Every year I look forward to April. Growing up in Canada, April marked the beginning of warmer temperatures and longer days. The end of the school year was imminent, the promise of endless summer days sprouting in our young minds. April signaled the end of cold evenings and doing homework late into the night, just as it signaled the start of spring and new field sports and long neighborhood walks with friends. As I’ve grown older, April has taken on a richer meaning. My son was born on April 9, a week’s early birthday present for me. April is the start of the new quarter for business, a quarter full of fresh possibilities and new projects. And this year, April marked the launch of my first book, Stumbling Towards Inclusion: Finding Grace in Imperfect Leadership.

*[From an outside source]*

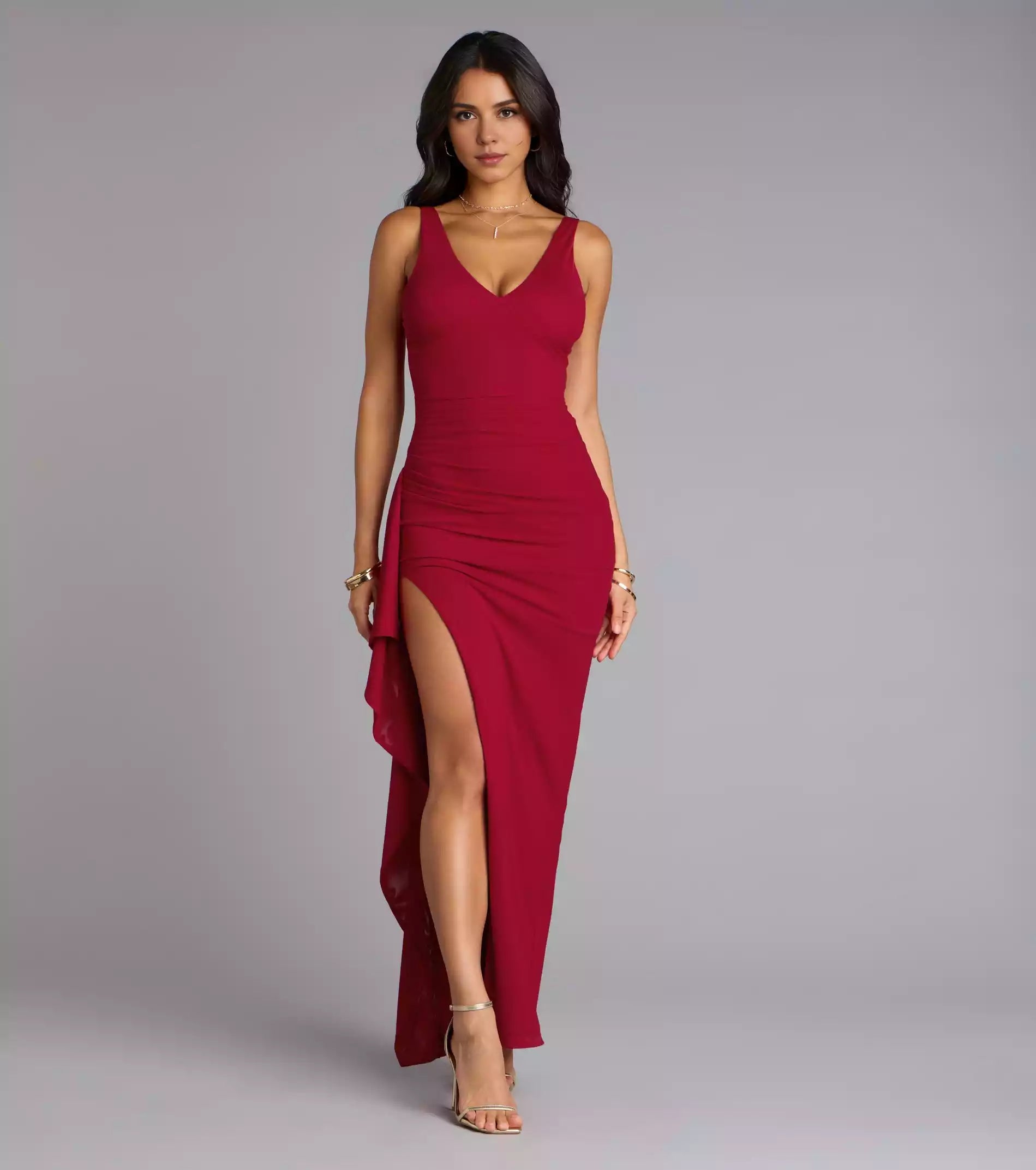 Charming lightweight mesh sleeveless V-neck, slim shoulder straps, pleated high slit, ruffled edges on the sides Prom Dresses

But this April, 2024 took on a life of its own. It was at times frantic and chaotic, loving and inspiring, intense and frustrating. My parents came to town. I planned a Pokemon themed birthday party for Zayn. I had my book party. I hosted a coaches’ retreat at my house. I traveled to do multiple keynotes. One day, I went to Atlanta in the morning and came back the same night. My HVAC broke. My son got a Hollywood agent. The front axles on my car cracked. I ran or walked at least 10,000 steps a day. I signed new contracts. My daughter got a lead role in the school play. I created a new management training program. I drove back and forth to volleyball practices and violin rehearsals. I interviewed for a board position at a local school. I met dozens of new people. I wrote for three new publications. I celebrated my birthday. I joined an Editorial Board for a coaching journal. I watched several friends’ dreams come true. I recorded new podcasts. I slept and ran weird and got a shoulder injury. And two new cavities. Yes, I went to the dentist this month, too.
Middle age, am I right?
Somehow I managed to get enough sleep (most days), eat well, and laugh. A lot.

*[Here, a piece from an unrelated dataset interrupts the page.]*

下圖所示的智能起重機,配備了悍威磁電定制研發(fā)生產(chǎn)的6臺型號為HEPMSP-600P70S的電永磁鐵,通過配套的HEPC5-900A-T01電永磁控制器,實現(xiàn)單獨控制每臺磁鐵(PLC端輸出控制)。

Reflecting on this colossal month, I recognize the importance of memorializing life, even (especially!) as it happens in its most simple and unexpected ways. Yes, my book was released this month. That’s pretty significant. But it was all the other moments - crying in my therapist’s office, picking up a friend from the airport, watching Anjali nail her overhand serve - that made this month special and memorable. In writing this post, I want to safeguard the memories I created with my family and friends this month. Which is why I believe in telling and sharing stories. The through line of all my April highs and lows is this: We’ve all got a great story to tell. I know that because hearing people’s stories, digging into them, sitting with them, and writing them together is what got me through this month with a sense of gratitude, joy, and relief. I want you to tell your story. And if you need a little help, I’m here for it. In fact, Part I of Stumbling Towards Inclusion is my story. Story-telling is how we commemorate our lives, how we are seen and how we see others. If you’re looking for something new this season, start with your story.